What needs to be done:
In the listing below, find the line containing "10 цен на Набор" and the line containing "Keramický drez modulový, bez". Repeat exactly those two lines and every line between them, nothing more.

Task input:

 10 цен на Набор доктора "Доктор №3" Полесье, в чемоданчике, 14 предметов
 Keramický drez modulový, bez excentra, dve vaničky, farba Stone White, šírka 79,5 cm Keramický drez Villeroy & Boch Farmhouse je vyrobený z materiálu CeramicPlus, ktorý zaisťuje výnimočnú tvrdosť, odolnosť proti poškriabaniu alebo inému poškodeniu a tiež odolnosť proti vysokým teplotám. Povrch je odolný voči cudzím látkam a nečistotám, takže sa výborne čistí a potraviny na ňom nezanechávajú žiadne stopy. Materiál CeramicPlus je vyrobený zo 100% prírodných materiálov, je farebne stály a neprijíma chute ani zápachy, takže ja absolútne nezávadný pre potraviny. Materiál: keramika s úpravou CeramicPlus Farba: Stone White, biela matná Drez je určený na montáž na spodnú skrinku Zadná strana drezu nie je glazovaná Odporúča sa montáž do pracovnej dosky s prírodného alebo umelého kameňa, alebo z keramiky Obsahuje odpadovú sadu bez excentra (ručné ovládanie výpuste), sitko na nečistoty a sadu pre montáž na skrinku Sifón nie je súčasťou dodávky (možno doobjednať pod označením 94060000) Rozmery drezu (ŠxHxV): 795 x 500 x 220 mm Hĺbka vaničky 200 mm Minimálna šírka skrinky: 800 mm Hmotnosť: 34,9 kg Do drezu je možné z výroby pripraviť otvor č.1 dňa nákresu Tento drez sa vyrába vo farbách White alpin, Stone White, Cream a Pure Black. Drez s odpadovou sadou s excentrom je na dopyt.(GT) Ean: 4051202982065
--
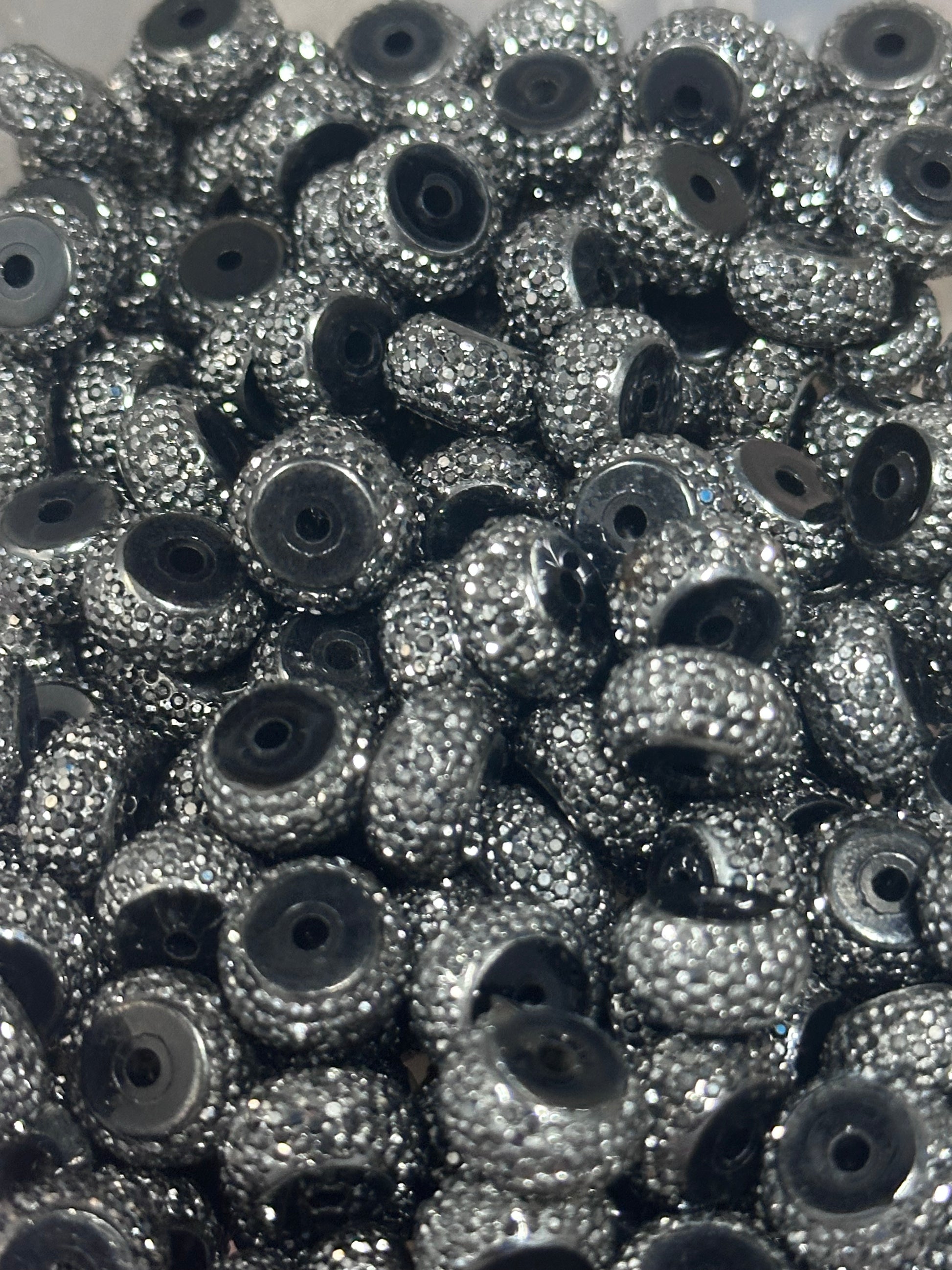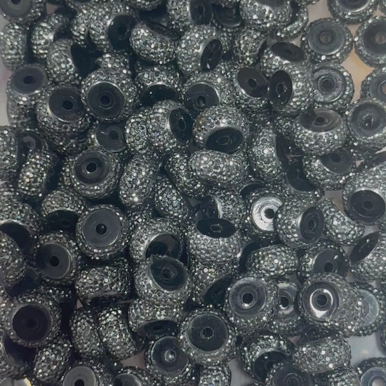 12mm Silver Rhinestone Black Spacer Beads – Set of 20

Expected answer:
 10 цен на Набор доктора "Доктор №3" Полесье, в чемоданчике, 14 предметов
 Keramický drez modulový, bez excentra, dve vaničky, farba Stone White, šírka 79,5 cm Keramický drez Villeroy & Boch Farmhouse je vyrobený z materiálu CeramicPlus, ktorý zaisťuje výnimočnú tvrdosť, odolnosť proti poškriabaniu alebo inému poškodeniu a tiež odolnosť proti vysokým teplotám. Povrch je odolný voči cudzím látkam a nečistotám, takže sa výborne čistí a potraviny na ňom nezanechávajú žiadne stopy. Materiál CeramicPlus je vyrobený zo 100% prírodných materiálov, je farebne stály a neprijíma chute ani zápachy, takže ja absolútne nezávadný pre potraviny. Materiál: keramika s úpravou CeramicPlus Farba: Stone White, biela matná Drez je určený na montáž na spodnú skrinku Zadná strana drezu nie je glazovaná Odporúča sa montáž do pracovnej dosky s prírodného alebo umelého kameňa, alebo z keramiky Obsahuje odpadovú sadu bez excentra (ručné ovládanie výpuste), sitko na nečistoty a sadu pre montáž na skrinku Sifón nie je súčasťou dodávky (možno doobjednať pod označením 94060000) Rozmery drezu (ŠxHxV): 795 x 500 x 220 mm Hĺbka vaničky 200 mm Minimálna šírka skrinky: 800 mm Hmotnosť: 34,9 kg Do drezu je možné z výroby pripraviť otvor č.1 dňa nákresu Tento drez sa vyrába vo farbách White alpin, Stone White, Cream a Pure Black. Drez s odpadovou sadou s excentrom je na dopyt.(GT) Ean: 4051202982065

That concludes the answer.